Dataset entries:
====
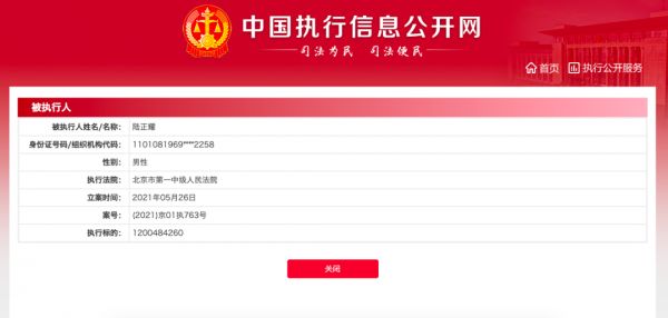 天眼查App显示,近日,陆正耀被北京市第一中级人民法院列为被执行人,案号(2021)京01执763号,执行标的1200484220元。
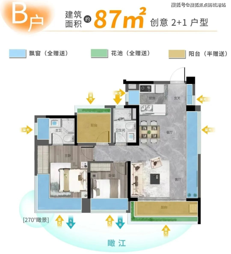 建面约87m²B户型,也有自己的“杀手锏”。
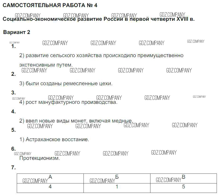 Россия в первой четверти XVIII века / ср-5 / вариант 2
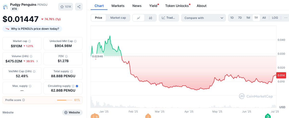隨著比特幣繼續上漲並形成新的歷史新高,預計$PENGU將受益於此趨勢。由於比特幣的強勢,$PENGU可能突破0.0151美元的阻力位,並有可能在接下來的幾天內達到0.0180美元。然而,代幣的價格受到其大持有者的影響,超過47.72%的持有者擁有超過10美元的$PENGU,這些投資者如果決定出售,可能會對價格產生重大影響。
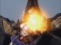 Centaurus Wolf Megazord touches its glowing chest, then raises its left hand skyward and sends a ripple up to Mystic Phoenix, which overwhelmes him to the point he lands Mystic Dragon, and a glowing ball of energy pulls out of his chest into Centaurus Wolf's hand. Mystic Phoenix tries to figure out why the Dragon won't fly, then Centuarus Wolf holds up a ball of golden energy, taunting Phoenix. |
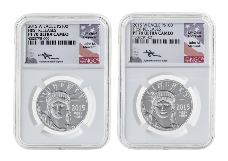 each NGC graded PF70 Ultra Cameo, the grading tag signed by Chief Engraver John M. Mercanti.
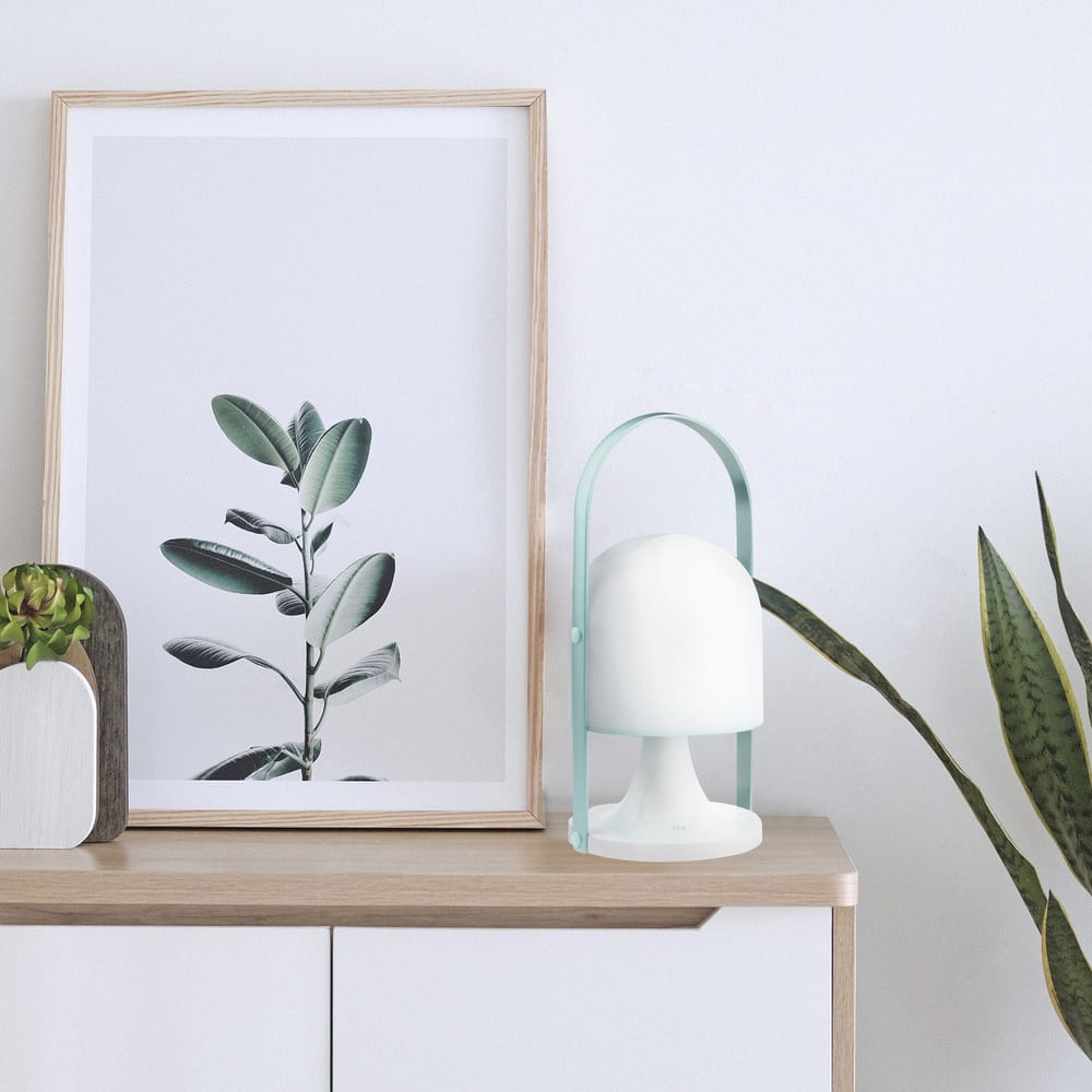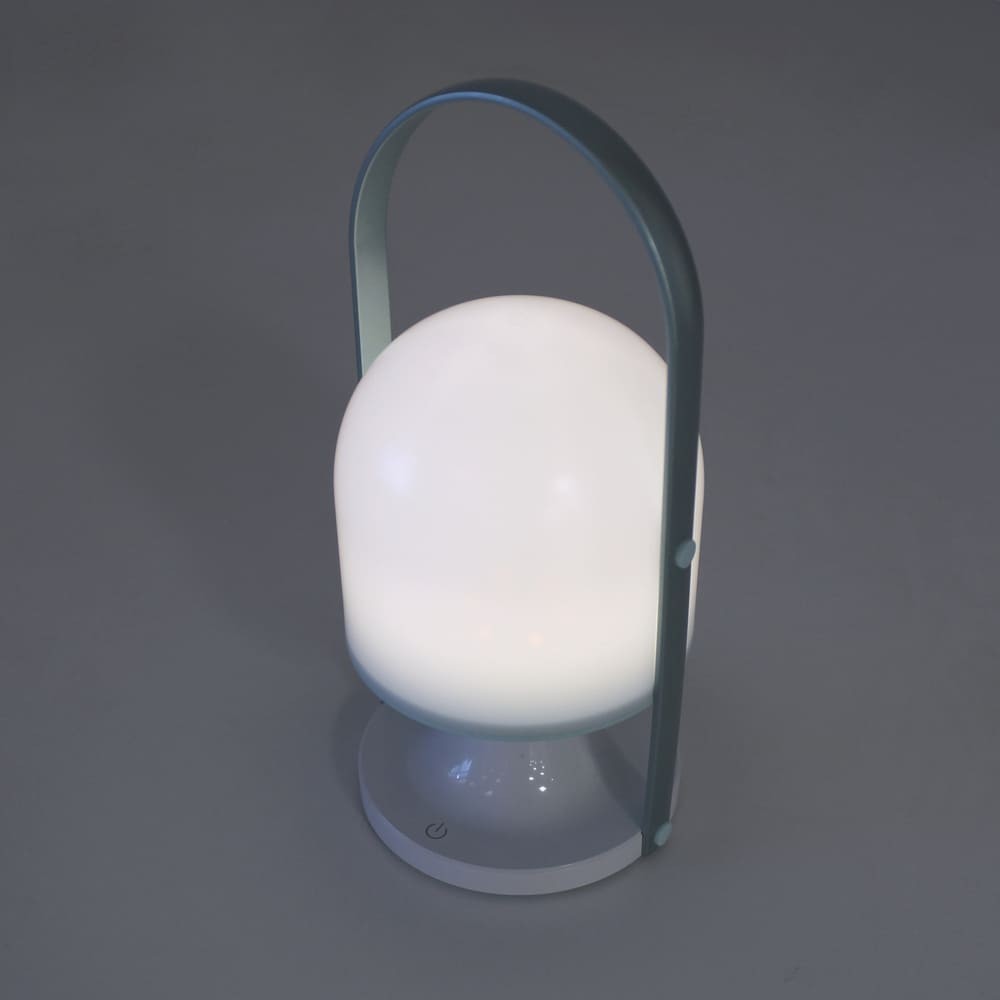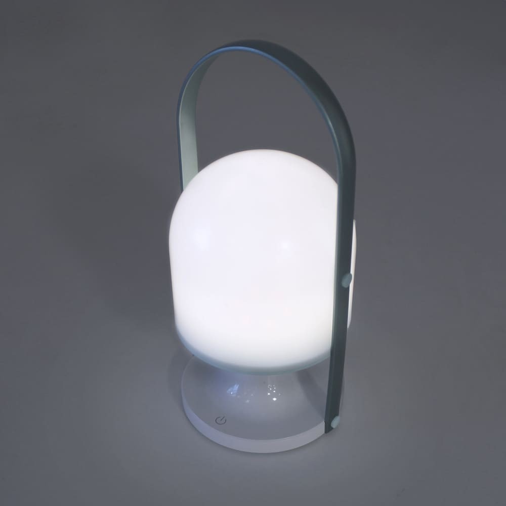 Lámpara de mesa recargable para dormitorios. Esta lámpara de mesa ofrece un práctico diseño al contar con batería recargable y asa para transportarla fácilmente. De este modo, puedes colocar la lámpara sobre cualquier mesa o mueble de tu hogar como iluminación. Cuenta con tecnología LED de 3W y luz cálida, permitiendo aportar una acogedora iluminación junto a la cama o un sofá.
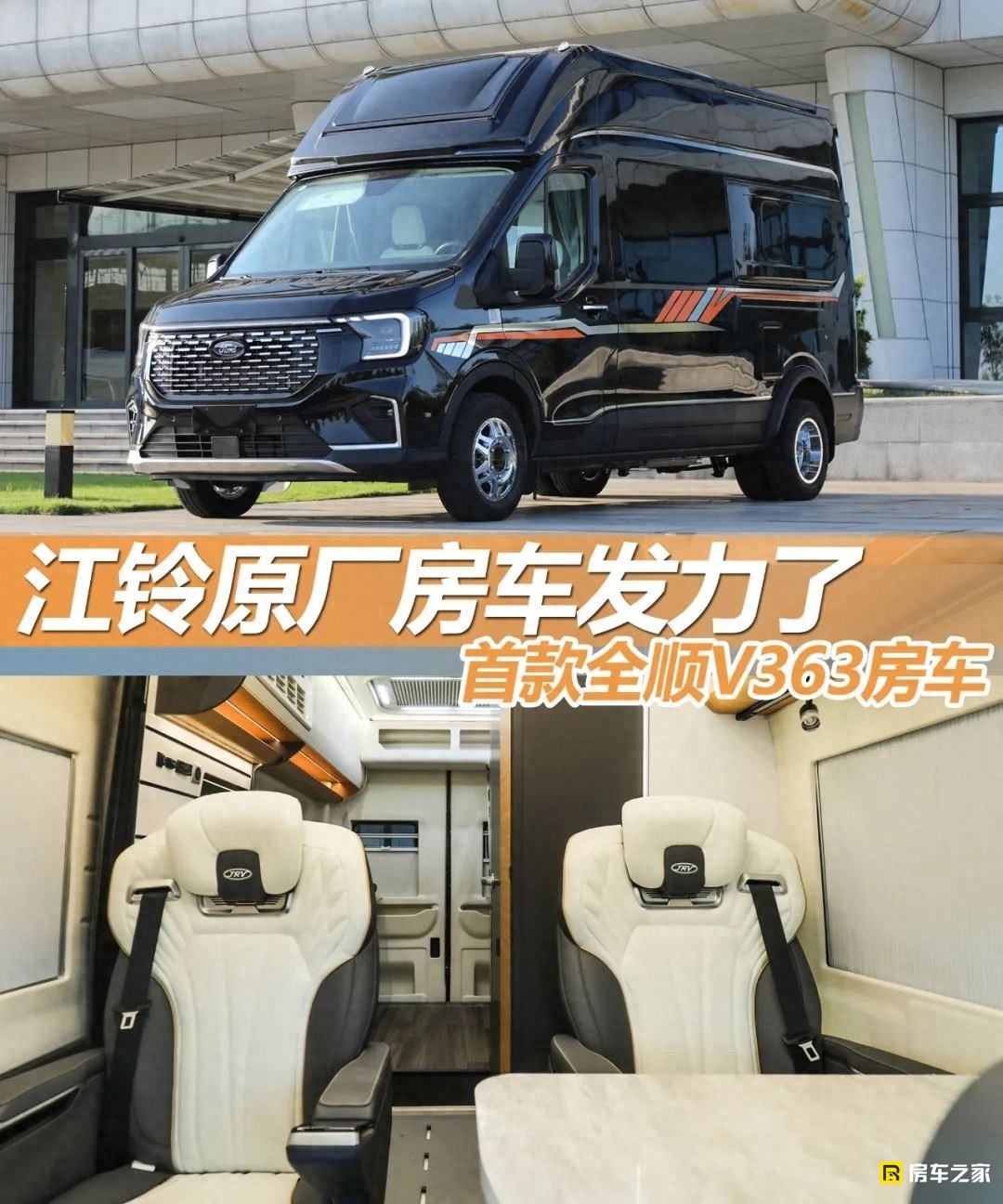 我個人覺得B型房車采用這種B C的設計方式是最實用的,既能保證內高空間,又不會覺得整車太過于笨重。江鈴這款大海牛V363房車加上超高頂的模具,整體沒有違和感,甚至我覺得還特別協調。整車采用全黑車漆 明黃色的車身腰線彩條裝飾,簡單大氣。作為江鈴房車首款跨界型房車,這外觀顏值設計,看來原廠房車開始發力了!
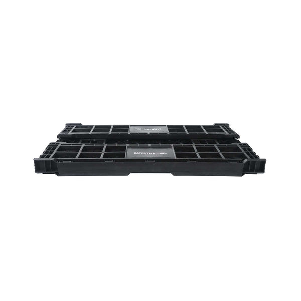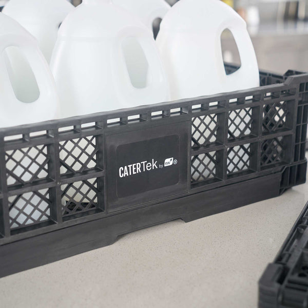 Optimize storage with versatile collapsible storage solutions. The Cater Tek Black Plastic Collapsible Storage Bin provides durable polypropylene construction, offering reliable support for heavy loads and ensuring long-lasting usability in foodservice environments. With a stackable storage crate design, these bins facilitate efficient kitchen organization, maximizing limited space. The vented plastic crate features vented sides, promoting airflow that keeps produce fresh for longer periods, a critical advantage for maintaining the quality of fresh ingredients. Its collapsible design saves space in storage and transport, making it an ideal choice for catering businesses looking to streamline operations. Measuring 23.6 inches in length by 15.7 inches in width by 6.6 inches in height, this bin is perfectly suited for grocery store produce racks to display bulk items effectively. Each order includes 10 Cater Tek Black Plastic Collapsible Storage Bins.
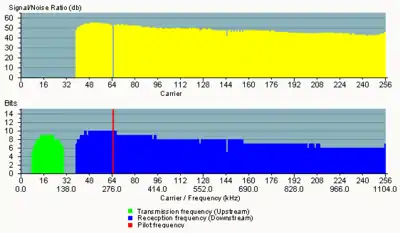 ADSL از باند ۱٫۱ مگا هرتز و ADSL۲+ از باند ۲٫۲ مگاهرتز استفاده میکنند.
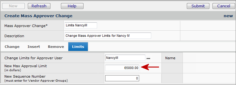 Figure 43 - Using the Limits Tab to Change a Maximum Dollar Limit
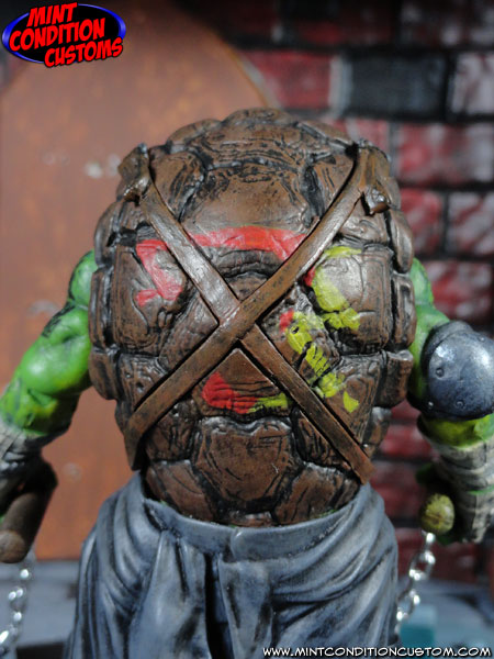 The official Playmates figures for the new Teenage Mutant Ninja Turtles movie leave a lot to be desired, so I decided to fix them in order to make them completely movie accurate. I studied several images and trailer stills in order to get down every detail. Each figure has been fully repainted from head to toe, with spots on their skin, Japanese Kanji on their bandanas and shells, and realistic shading, highlights, and weathering. For Leonardo I used the head from the Combat Warrior figure (the deluxe sized figures), because it’s actually smaller than the basic figure’s head (which is too big), and it sits better on the figure, and added the NYC button on his weapon strap. For Michelangelo, I added the shades around his necklace, and the tattoo on his left arm. On Raphael I added the scar over his lip, the tattoo on his right bicep, and some shades that fit on his forehead. For Donatello, I also used the head from the Combat Warrior figure, because the sculpt was much more detailed, and looked better. I made his glasses out of craft wire, with sewing thread for the tape and painted them to look like tortoiseshell frames. I also used sewing thread for the electrical wiring to connect pieces of his equipment. Of course I also went through and gave all their weapons realistic repaints as well, adding real chain to Mikey’s. And now that the Ninja Turtles actually look like they do from the movie, they’re ready to take down Shredder and the entire Foot Clan. COWABUNGA!
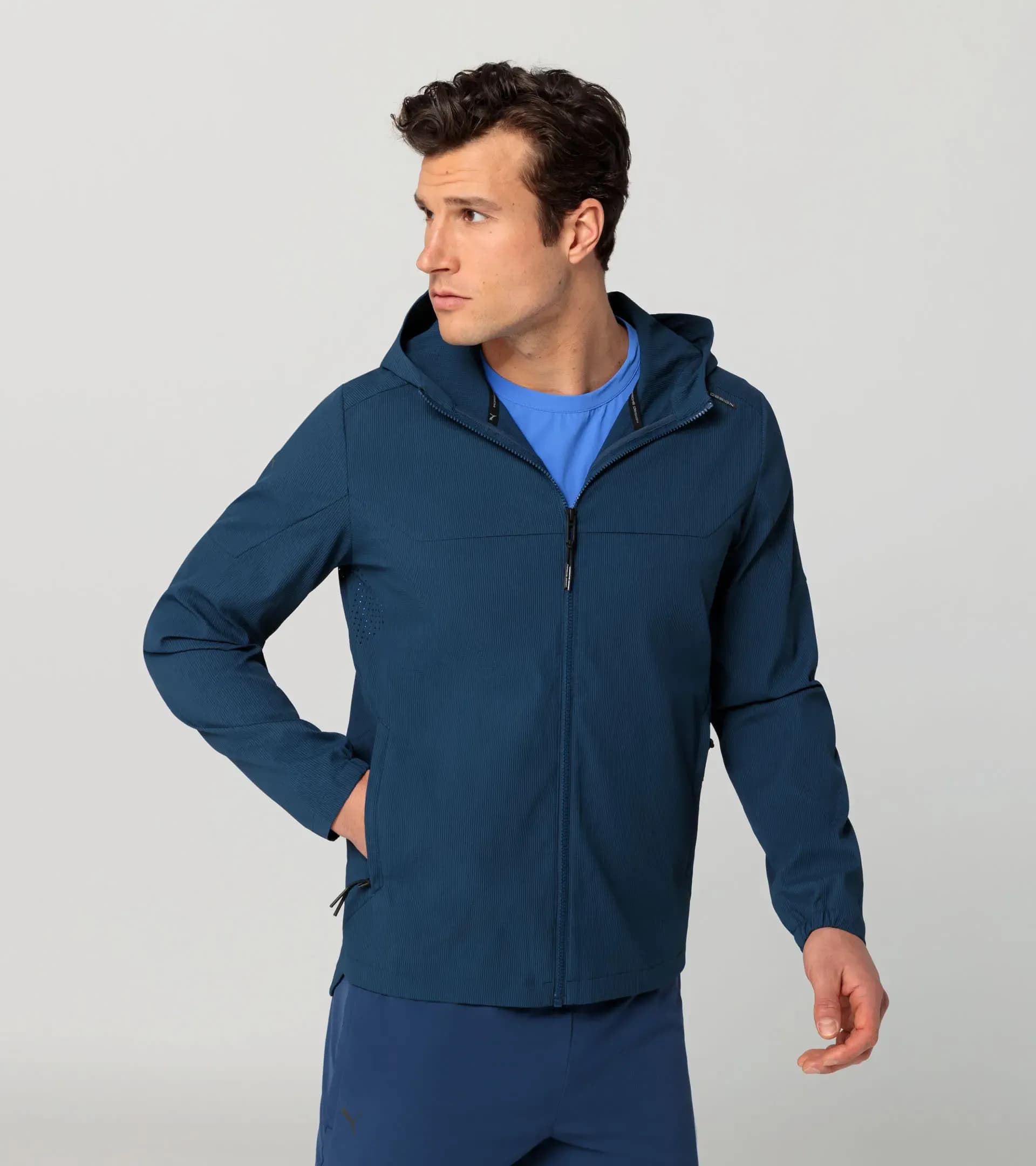 Whether on your bike, your jogging route or simply in active everyday life: this jacket demonstrates real Porsche performance. The dryCELL® technology and laser cuts under the sleeves ensure a pleasantly dry feeling at all times. The cut with a longer back section, the reflective strip in the rear seam and the adjustable hood are also suitable for sports. Visually, the jacket scores with its clean look and small details such as PORSCHE DESIGN drawstrings on the full-length front zip, PORSCHE DESIGN zip pullers on the two concealed side pockets and the PUMA x Porsche Design neck tape. A special highlight is the reversible side pocket, in which the jacket can be stowed away quickly and easily.
====
Every line above is to be reproduced verbatim, and the pictures are to be omitted.

 天眼查App显示,近日,陆正耀被北京市第一中级人民法院列为被执行人,案号(2021)京01执763号,执行标的1200484220元。
 建面约87m²B户型,也有自己的“杀手锏”。
 Россия в первой четверти XVIII века / ср-5 / вариант 2
隨著比特幣繼續上漲並形成新的歷史新高,預計$PENGU將受益於此趨勢。由於比特幣的強勢,$PENGU可能突破0.0151美元的阻力位,並有可能在接下來的幾天內達到0.0180美元。然而,代幣的價格受到其大持有者的影響,超過47.72%的持有者擁有超過10美元的$PENGU,這些投資者如果決定出售,可能會對價格產生重大影響。
 Centaurus Wolf Megazord touches its glowing chest, then raises its left hand skyward and sends a ripple up to Mystic Phoenix, which overwhelmes him to the point he lands Mystic Dragon, and a glowing ball of energy pulls out of his chest into Centaurus Wolf's hand. Mystic Phoenix tries to figure out why the Dragon won't fly, then Centuarus Wolf holds up a ball of golden energy, taunting Phoenix. |
 each NGC graded PF70 Ultra Cameo, the grading tag signed by Chief Engraver John M. Mercanti.
 Lámpara de mesa recargable para dormitorios. Esta lámpara de mesa ofrece un práctico diseño al contar con batería recargable y asa para transportarla fácilmente. De este modo, puedes colocar la lámpara sobre cualquier mesa o mueble de tu hogar como iluminación. Cuenta con tecnología LED de 3W y luz cálida, permitiendo aportar una acogedora iluminación junto a la cama o un sofá.
 我個人覺得B型房車采用這種B C的設計方式是最實用的,既能保證內高空間,又不會覺得整車太過于笨重。江鈴這款大海牛V363房車加上超高頂的模具,整體沒有違和感,甚至我覺得還特別協調。整車采用全黑車漆 明黃色的車身腰線彩條裝飾,簡單大氣。作為江鈴房車首款跨界型房車,這外觀顏值設計,看來原廠房車開始發力了!
 Optimize storage with versatile collapsible storage solutions. The Cater Tek Black Plastic Collapsible Storage Bin provides durable polypropylene construction, offering reliable support for heavy loads and ensuring long-lasting usability in foodservice environments. With a stackable storage crate design, these bins facilitate efficient kitchen organization, maximizing limited space. The vented plastic crate features vented sides, promoting airflow that keeps produce fresh for longer periods, a critical advantage for maintaining the quality of fresh ingredients. Its collapsible design saves space in storage and transport, making it an ideal choice for catering businesses looking to streamline operations. Measuring 23.6 inches in length by 15.7 inches in width by 6.6 inches in height, this bin is perfectly suited for grocery store produce racks to display bulk items effectively. Each order includes 10 Cater Tek Black Plastic Collapsible Storage Bins.
 ADSL از باند ۱٫۱ مگا هرتز و ADSL۲+ از باند ۲٫۲ مگاهرتز استفاده میکنند.
 Figure 43 - Using the Limits Tab to Change a Maximum Dollar Limit
 The official Playmates figures for the new Teenage Mutant Ninja Turtles movie leave a lot to be desired, so I decided to fix them in order to make them completely movie accurate. I studied several images and trailer stills in order to get down every detail. Each figure has been fully repainted from head to toe, with spots on their skin, Japanese Kanji on their bandanas and shells, and realistic shading, highlights, and weathering. For Leonardo I used the head from the Combat Warrior figure (the deluxe sized figures), because it’s actually smaller than the basic figure’s head (which is too big), and it sits better on the figure, and added the NYC button on his weapon strap. For Michelangelo, I added the shades around his necklace, and the tattoo on his left arm. On Raphael I added the scar over his lip, the tattoo on his right bicep, and some shades that fit on his forehead. For Donatello, I also used the head from the Combat Warrior figure, because the sculpt was much more detailed, and looked better. I made his glasses out of craft wire, with sewing thread for the tape and painted them to look like tortoiseshell frames. I also used sewing thread for the electrical wiring to connect pieces of his equipment. Of course I also went through and gave all their weapons realistic repaints as well, adding real chain to Mikey’s. And now that the Ninja Turtles actually look like they do from the movie, they’re ready to take down Shredder and the entire Foot Clan. COWABUNGA!
 Whether on your bike, your jogging route or simply in active everyday life: this jacket demonstrates real Porsche performance. The dryCELL® technology and laser cuts under the sleeves ensure a pleasantly dry feeling at all times. The cut with a longer back section, the reflective strip in the rear seam and the adjustable hood are also suitable for sports. Visually, the jacket scores with its clean look and small details such as PORSCHE DESIGN drawstrings on the full-length front zip, PORSCHE DESIGN zip pullers on the two concealed side pockets and the PUMA x Porsche Design neck tape. A special highlight is the reversible side pocket, in which the jacket can be stowed away quickly and easily.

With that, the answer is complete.